# Najlepszy klient do obslugi gadu-gadu

## T0M3K

Na poczatku uzywalem GAIM bo ladnie integrowal sie z innymi protokolami.

Ale ostatnio nie dzialal i zmuszony bylem to zabawy z kadu.

Bo installacji na gentoo wyglada to nie za ciekawie (lubie ladne okienka) i nie ma opcji na themes.   :Sad: 

Uzywam rowniez ekg, ale chce cos na GUI.

Jakie sa wasze opinie rodacy?

----------

## Xax

kadu calkowicie mi wystarcza.

----------

## fallow

takze uzywam kadu , wersji 0.3.8 z cvs , kadu calkowicie mi wystarcza , jest bardzo konfigurowalne , i swietnie ze widac kiedy wiadomosc dochodzi na server.themsy tez sa  :Smile:  www.kadu.net

----------

## Prompty

proponuje gnu gadu ... byla jeszcze implementacja free gg ale nie wiem czy to instenieje czy nie 

http://gadu.gnu.pl/

osobuscie uzywam gaima ... bo musze miec jednoczesnie gg icq i jabbera ( moementami msn ) =P 

no i wszyscy powinni zaczac uzywac jabbera ;]

----------

## no4b

Zdecydowanie kadu, uzywam cvs.

----------

## cechor

 *T0M3K wrote:*   

> Uzywam rowniez ekg, ale chce cos na GUI.
> 
> Jakie sa wasze opinie rodacy?

 

Ja uzywam PSI wraz z transportem do GG na chrome.pl (teraz chrome nie dziala, zmiana maszyny), wczesniej uzywalem kadu i tez programik ok.

----------

## t666

ja z kolei polecam kopete, wygla naprawde bardzo ladnie (jak to kde), mozna dowolnie zmieniac emoty jak i sama forme prezentowania rozmowy.

naprawde goraco polecam, dla mnie numer jeden.

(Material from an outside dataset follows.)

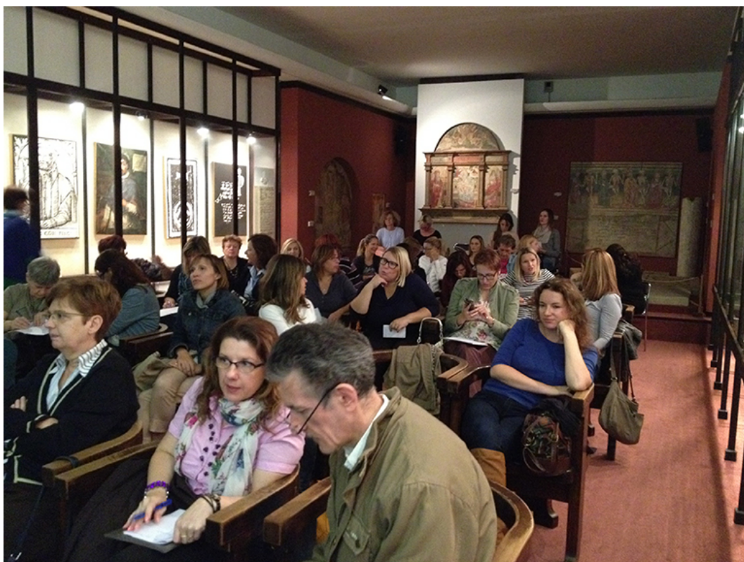
Delegati na skupštini KDR-a

www.filipchmielewski.com/snapshot2.png

----------

## no4b

W kadu mozna wybrac zestaw emotikon :]

----------

## OBenY

skad mozna pobrac ebuildy dla kadu z cvs ?

----------

## fallow

ale przeciez mozna sicagnac zrodelko z kadu.net (cvs) ,chyba ze jakos zmienic istniejacy ebuild do 0.3.7

----------

## Dagger

Jak dla mnie kadu w zupelnosci wystarcza. Dziala dobrze i nie ma z nim problemow.

----------

## CyriC

Ja tez uzywam PSI z transportem GG, jesli korzystasz jeszcze z jakichs innych protokolow to jabber jest idealnym rozwiazaniem.

----------

## pkrzykowski

kadu, albo psi z transportem gg. Jakos prezentacja obu mi odpowiada. Co do powszechnosci uzywania jabbera, to rzeczywiscie, pewnie sie spopularyzuje. Prawdopodobnie firma w ktorej pracuje przejdzie tez na jabbera i postawimy wlasny serwer do jego obslugi.

pozdro

P.

----------

## kolkowski_damian

 *pkrzykowski wrote:*   

> kadu, albo psi z transportem gg (...)

 

Popieram PSI, ewentualnie centericq ale "jggtrans" musi być.

Używam już tego od przeszło roku i sobie chwalę, także polecam.

P.S. PSI ma już transwer plików - wypasik  :Very Happy: 

----------

## C1REX

PSI to (IMHO) najlepszy klient najlepszej sieci. 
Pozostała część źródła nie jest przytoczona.